Implants do not reduce the risk of cancer and can carry potential risks such as infections and complications. Yet, breast reconstruction for cis women is considered a “medical necessity,” allowing insurance companies to cover procedures costing tens of thousands of dollars. If the criteria for medical necessity were purely focused on preventing illness and death, implants wouldn’t be eligible. However, living is not just about avoiding death.

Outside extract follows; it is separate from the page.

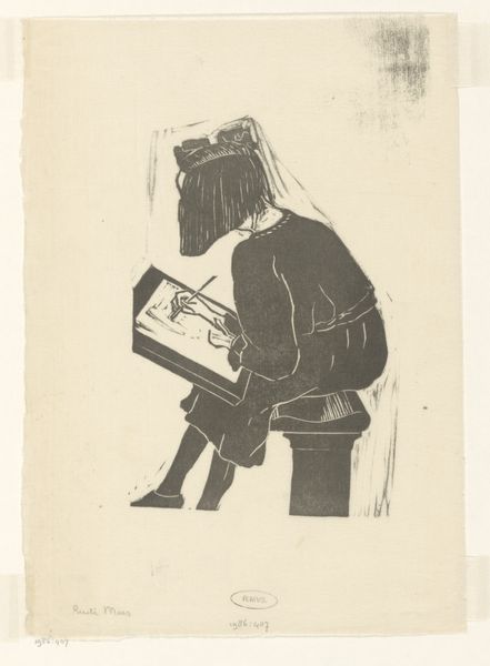 Editor: So, this is Louise Bourgeois’s "I Just Died at Birth" from 2010, made using ink and pen. I find the figure so striking, almost like a ghostly echo. What can you tell me about it from a formalist approach? Art Historian: The initial impact is indeed derived from the starkness of the line work against the void of the paper. Notice how Bourgeois uses the continuous line to suggest the form of the body, pregnant perhaps, but simultaneously creating a sense of incompleteness. How does the script within the lines influence your reading of the image? Editor: Well, the handwritten words seem to fill the interior of the figure, like it’s carrying this heavy stream of consciousness. It feels like the text is integral to the shape itself. Art Historian: Precisely. Consider how the varying pressure and density of the lines create visual weight and rhythm. The text acts as both a textural element and a semantic carrier. How does the textual element function as line in a purely visual sense? Editor: The cramped handwriting obscures clear shapes; the figure itself becomes the composition. So even without reading the text, one is forced to consider the overall aesthetic impact, and what shapes appear because of the density. It really puts an emphasis on the emotional qualities communicated purely through composition. Art Historian: It also prompts one to appreciate Bourgeois' command of line. Look at the stark quality against negative space and how well the artist captures feeling using abstraction. Do you agree that it’s abstraction, not pure representation, at work here? Editor: Yes, definitely. Focusing on those pure elements makes it feel less about a literal body, and more about the emotional space that body occupies. Art Historian: A pertinent observation. Through an awareness of her technique, one gains access to appreciating her work and her vision on a deeper level.

When my surgeries were submitted for pre-authorization, they were quickly approved without any conversations where I had to justify my decision. I never had to go through the trauma of being denied. In contrast, trans individuals seeking gender-affirming surgeries often face significant institutional barriers when accessing care. While some insurance companies recognize the scientific evidence supporting the health benefits of gender-affirming surgeries, not all do. Even when insurers cover gender-affirming care, navigating through complex bureaucratic processes and appealing denials can be challenging. Sometimes, third-party validation from psychologists is required to deem a trans person mentally sound and deserving of the care they want. All of this occurs amidst a backdrop of hostility toward gender-affirming healthcare for trans Americans. State legislators across the country are actively undermining the rights of individuals to make their own medical decisions, callously endangering lives due to their own fear, ignorance, and bigotry. Recently, Louisiana passed legislation that bars anyone under the age of 18 from receiving gender-affirming surgeries, puberty-blocking medications, or hormone treatments.

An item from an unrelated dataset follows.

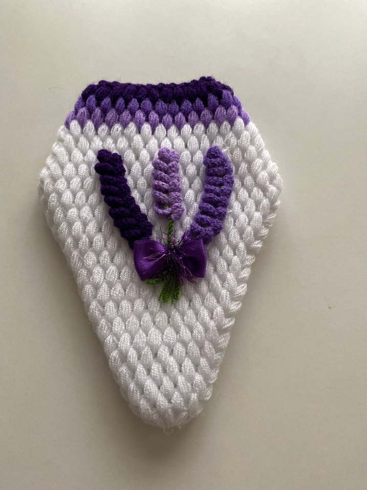 Mor ve beyaz renklerde, mor lavanta detaylı renkli banyo lifi. Yumuşak dokusu ile nazik temizlik sağlar.

These disparities can have severe consequences for the health of trans individuals. Research consistently shows higher rates of depression, anxiety, and suicidal tendencies among trans people. Gender-affirming surgeries have been proven to significantly improve the health outcomes of those who undergo them. The fact that my mastectomy and elective breast implants are applauded as “brave” while trans individuals seeking gender-affirming care are scrutinized, shamed, and even criminalized is not only nonsensical but also immoral.

I am not excited about undergoing surgery. I fear the pain and discomfort and feel saddened to bid farewell to a version of my body that I have cherished and that has been cherished by others. However, I am confident that my community will support me and help me through this challenging time, and this level of support should be available to everyone.

When I informed my oncologist in April that I was ready to proceed with the surgery after nearly a decade of her care, she broke into a wide, radiant smile. Confused, I asked her why she was so happy. Her response was, “Now, I don’t have to worry about you!” She truly valued my life and took joy in being part of preserving it. All patients, regardless of their gender identity, deserve to experience that feeling.